LKML Archive on lore.kernel.org
 help / color / Atom feed
From: Marc Zyngier <maz@kernel.org>
To: Shanker R Donthineni <sdonthineni@nvidia.com>
Cc: Catalin Marinas <catalin.marinas@arm.com>,
	Will Deacon <will@kernel.org>, Vikram Sethi <vsethi@nvidia.com>,
	Alex Williamson <alex.williamson@redhat.com>,
	Mark Kettenis <mark.kettenis@xs4all.nl>,
	"christoffer.dall@arm.com" <christoffer.dall@arm.com>,
	"linux-arm-kernel@lists.infradead.org" 
	<linux-arm-kernel@lists.infradead.org>,
	"kvmarm@lists.cs.columbia.edu" <kvmarm@lists.cs.columbia.edu>,
	"linux-kernel@vger.kernel.org" <linux-kernel@vger.kernel.org>,
	"kvm@vger.kernel.org" <kvm@vger.kernel.org>,
	Jason Sequeira <jsequeira@nvidia.com>
Subject: Re: [RFC 1/2] vfio/pci: keep the prefetchable attribute of a BAR region in VMA
Date: Wed, 02 Jun 2021 10:37:58 +0100
Message-ID: <878s3s1ua1.wl-maz@kernel.org> (raw)
In-Reply-To: <273ba1c2-dfe6-7dc1-3e40-03398e82469b@nvidia.com>

Hi Shanker,

On Sat, 08 May 2021 17:33:11 +0100,
Shanker R Donthineni <sdonthineni@nvidia.com> wrote:
> 
> Hi Marc,
> 
> On 5/5/21 1:02 PM, Catalin Marinas wrote:
> >>> Will/Catalin, perhaps you could explain your thought process on why you chose
> >>> Normal NC for ioremap_wc on the armv8 linux port instead of Device GRE or other
> >>> Device Gxx.
> >> I think a combination of: compatibility with 32-bit Arm, the need to
> >> support unaligned accesses and the potential for higher performance.
> > IIRC the _wc suffix also matches the pgprot_writecombine() used by some
> > drivers to map a video framebuffer into user space.
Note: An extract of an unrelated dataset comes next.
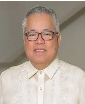
DTI SEC. RAMON LOPEZ crease, transmission happens exponentially," he said. Luzon is home to more than half of the Philippine population.

community quarantine. "Don't panic. There will be food and necessities. (They) are more than enough. No need to panic," he added. Lopez further said enhanced community quarantine aims to further limit people's movement and stop or flatten the spread of coronavirus disease 2019 (Covid-19). "Otherwise, cases continue to in-

Accesses to the
> > framebuffer are not guaranteed to be aligned (memset/memcpy don't ensure
> > alignment on arm64 and the user doesn't have a memset_io or memcpy_toio).
> >
> >> Furthermore, ioremap() already gives you a Device memory type, and we're
> >> tight on MAIR space.
> > We have MT_DEVICE_GRE currently reserved though no in-kernel user, we
> > might as well remove it.
> @Marc, Could you provide your thoughts/guidance for the next step? The
> proposal of getting hints for prefetchable regions from VFIO/QEMU is not
> recommended, The only option left is to implement ARM64 dependent logic
> in KVM.
> 
> Option-1: I think we could take advantage of stage-1/2 combining rules to
> allow NORMAL_NC memory-type for device memory in VM. Always map
> device memory at stage-2 as NORMAL-NC and trust VM's stage-1 MT.
> 
> ---------------------------------------------------------------
> Stage-2 MT     Stage-1 MT    Resultant MT (combining-rules/FWB)
> ---------------------------------------------------------------
> Normal-NC      Normal-WT           Normal-NC
>    -           Normal-WB              -
>    -           Normal-NC              -
>    -           Device-<attr>       Device-<attr>
> ---------------------------------------------------------------

I think this is unwise.

Will recently debugged a pretty horrible situation when doing exactly
that: when S1 is off and S2 is on, the I-side is allowed to generate
speculative accesses (see ARMv8 ARM G.a D5.2.9 for the details). And
yes, implementations definitely do that. Add side-effect reads to the
mix, and you're in for a treat.

> We've been using this option internally for testing purpose and
> validated with NVME/Mellanox/GPU pass-through devices on
> Marvell-Thundex2 platform.

See above. It *will* break eventually.

> Option-2: Get resource properties associated with MMIO using lookup_resource()
> and map at stage-2 as Normal-NC if IORESOURCE_PREFETCH is set in flags.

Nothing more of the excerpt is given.